There is material below. Print exactly the lines starting at the line with "Sáng 13/10, đại" and ending at the line with "Протокол матча Ньярдвик против Фьолнир", ends included, and no others.

═════ DATA ═════

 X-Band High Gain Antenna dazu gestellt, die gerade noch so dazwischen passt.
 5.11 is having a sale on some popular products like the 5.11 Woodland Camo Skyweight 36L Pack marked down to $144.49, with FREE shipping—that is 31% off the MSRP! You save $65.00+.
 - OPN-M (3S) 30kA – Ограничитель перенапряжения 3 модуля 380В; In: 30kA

═════
═════ DATA ═════

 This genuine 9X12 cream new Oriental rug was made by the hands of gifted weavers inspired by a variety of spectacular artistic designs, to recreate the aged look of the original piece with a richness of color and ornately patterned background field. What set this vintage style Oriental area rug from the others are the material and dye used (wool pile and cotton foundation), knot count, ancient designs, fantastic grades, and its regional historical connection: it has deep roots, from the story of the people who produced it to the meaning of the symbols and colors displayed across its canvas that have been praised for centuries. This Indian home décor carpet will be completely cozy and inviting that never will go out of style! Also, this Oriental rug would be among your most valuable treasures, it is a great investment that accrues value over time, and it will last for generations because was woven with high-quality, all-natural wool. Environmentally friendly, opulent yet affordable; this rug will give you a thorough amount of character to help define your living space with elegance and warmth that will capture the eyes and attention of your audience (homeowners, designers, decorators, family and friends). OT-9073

═════
═════ DATA ═════

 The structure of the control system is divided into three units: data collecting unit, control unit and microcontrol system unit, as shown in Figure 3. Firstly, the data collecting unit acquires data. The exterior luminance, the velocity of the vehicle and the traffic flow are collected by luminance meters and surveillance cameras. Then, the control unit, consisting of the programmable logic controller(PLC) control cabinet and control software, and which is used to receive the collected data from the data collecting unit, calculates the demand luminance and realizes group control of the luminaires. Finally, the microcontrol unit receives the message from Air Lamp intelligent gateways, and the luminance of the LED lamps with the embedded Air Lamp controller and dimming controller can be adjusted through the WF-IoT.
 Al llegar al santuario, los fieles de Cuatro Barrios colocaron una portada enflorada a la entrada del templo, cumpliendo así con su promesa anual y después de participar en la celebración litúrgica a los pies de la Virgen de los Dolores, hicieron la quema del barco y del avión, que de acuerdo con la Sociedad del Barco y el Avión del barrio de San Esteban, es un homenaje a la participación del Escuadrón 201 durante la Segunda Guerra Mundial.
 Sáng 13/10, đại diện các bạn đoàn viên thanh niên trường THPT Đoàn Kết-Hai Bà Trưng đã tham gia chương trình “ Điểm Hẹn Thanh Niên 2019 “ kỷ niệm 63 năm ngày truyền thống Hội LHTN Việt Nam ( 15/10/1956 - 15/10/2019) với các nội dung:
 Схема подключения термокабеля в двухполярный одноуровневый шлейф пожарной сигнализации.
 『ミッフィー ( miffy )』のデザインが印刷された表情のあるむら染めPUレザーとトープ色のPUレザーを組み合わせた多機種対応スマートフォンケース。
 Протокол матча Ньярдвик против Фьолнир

═════

RESPONSE BOX ::
 Sáng 13/10, đại diện các bạn đoàn viên thanh niên trường THPT Đoàn Kết-Hai Bà Trưng đã tham gia chương trình “ Điểm Hẹn Thanh Niên 2019 “ kỷ niệm 63 năm ngày truyền thống Hội LHTN Việt Nam ( 15/10/1956 - 15/10/2019) với các nội dung:
 Схема подключения термокабеля в двухполярный одноуровневый шлейф пожарной сигнализации.
 『ミッフィー ( miffy )』のデザインが印刷された表情のあるむら染めPUレザーとトープ色のPUレザーを組み合わせた多機種対応スマートフォンケース。
 Протокол матча Ньярдвик против Фьолнир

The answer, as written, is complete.